Hacker News new | ask | show | jobs
by gpderetta 1554 days ago
The standard does guarantee that all the operations on _Atomic variables are indeed atomic and, by default, sequentially consistent. Standard library functions like atomic_load can be used to specify more relaxed ordering.

As per intel docs, all aligned stores and loads are atomic with additional release and acquire semantics. XCHG (which is somewhat expensive) is used for SC stores, but plain loads still suffice for SC loads.

On other architectures load and stores are usually at least atomic, although with only relaxed ordering semantics.

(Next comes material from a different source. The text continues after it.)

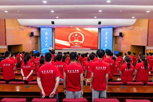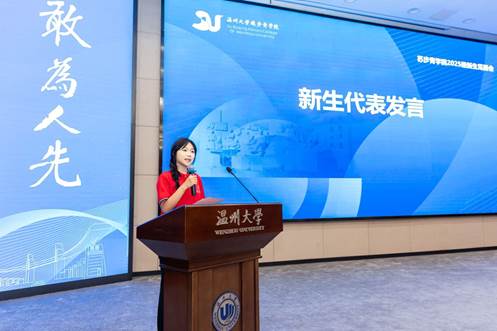汉语言文学实验班苏歆然同学作为新生代表发言,她表达了对大学生活的憧憬与决心,代表全体新生承诺将恪守院训、勤学不辍,努力成长为有理想、有本领、有担当的复合型拔尖创新人才。
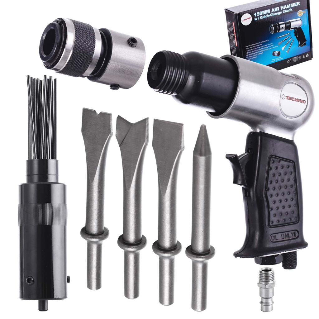 Professzionális pneumatikus tűkalapács automata működéssel, komplett tartozékkészlettel. Ideális fémfelületek tisztítására, sorjátlanítására, rozsdamentesítésre, illetve bontási és vésési munkákhoz. A szerszámhoz tűs fej és 4 darab különböző vésőszár tartozik, így sokoldalúan használható műhelyben, ipari környezetben és karbantartási feladatoknál.

Normally non-tearing + cache coherence is all that is required for relaxed atomic load/stores. You are confusing with general RMW that require specialized instructions on intel or ll/sc on RISCs (although ARM did add a bunch of specialized atomic instructions as well). To be pedantic, as far as I know, Intel doesn't lock the cacheline in any special way during an atomic RMW, it simply delays the read until all preceding stores have been flushed from the store buffer, then, if it has successfully acquired the line in exclusive mode, executes the load+store within whatever minimum exclusive cache hold period guaranteed by the coherence protocol. Acquiring a cacheline in exclusive mode is not specific to atomic RMWs but applies to any store and it is not really a lock as it can be taken away at any moment (i.e. the cc arbiter guarantees forward progress of the system as whole).